Always remember that crater chronology model ages are not true ages, especially for the period of time prior to 3900 My bp. It’s best to think of the model age as a way of expressing crater number density (not the other way around), and is subject to change as better calibration data is obtained. Thus a model age of 4310 My bp just means N(20)=999.8 craters per million sq. km. in the Neukum chronology function, which in reality could represent anything from the high 4400s to the mid 4200s. Getting a more precise date for the formation of South Pole-Aitken basin, which is stratigraphically the oldest surface feature known on the Moon, will likely have to wait until samples of its melt sheet are returned and dated.

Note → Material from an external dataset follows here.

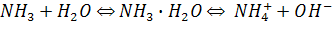 Виникнення гідроксид - іонів створює лужну реакцію розчину аміаку у воді. Константа іонізації невелика (рК 5). В умовах низьких температур з водних розчинів аміаку можна виділити кристалогідрати NH3 ·Н2 О (tпл = -77 °С), 2NН3 ·Н2 О (tпл = -78 °С) і NН3 ·2Н2 О (tпл = -97 °С).Кристалогідрати складаються з ланцюжків молекул аміаку і води, зшитих водневими зв'язками в тривимірну сітку, в яких відсутні структурні мотиви NН4 ОН. Це означає, що так званий гідроксид амонію не існує як хімічний індивід, так як і немає гідроксиду оксонія ОН3 ОН і гідроксиду фторонія FН2 ОН. Таким чином, водні розчини аміаку володіють основними властивостями не за рахунок утворення уявної сполуки NН4 ОН, а внаслідок виключно вираженої донорної активності атома азоту в NН3 [5].

Specifying a production crater number density#

Rather than a specific time, you can specify a crater’s “age” by its position on the production function using N(D) convention. This is done by setting the production_ND attribute, which is a tuple of (D, N, N_stdev), where D is the reference diameter in km, N is the cumulative number density of craters per 10⁶ km² greater than D, and N_stdev is the 1σ standard deviation of that number density. Here we will use the N(20) value of the Nectaris basin obtained by Orgel et al. (2020) using the Buffered Non-Sparseness Correction technique, which yielded an N(20)=172±20 per 10⁶ km².

Note

The N(D) convention takes D in units of km, rather than the units of m used when defining craters. To see what unit system is current set, see the N_D_units. Other conventions can be set changing D_conversion_factor and N_conversion_factor.

In [39]: sim.quasimc_craters.append(sim.Crater.maker(name="Nectaris", diameter=885e3, location=(35.1, -15.6), production_ND=(20, 172, 20)))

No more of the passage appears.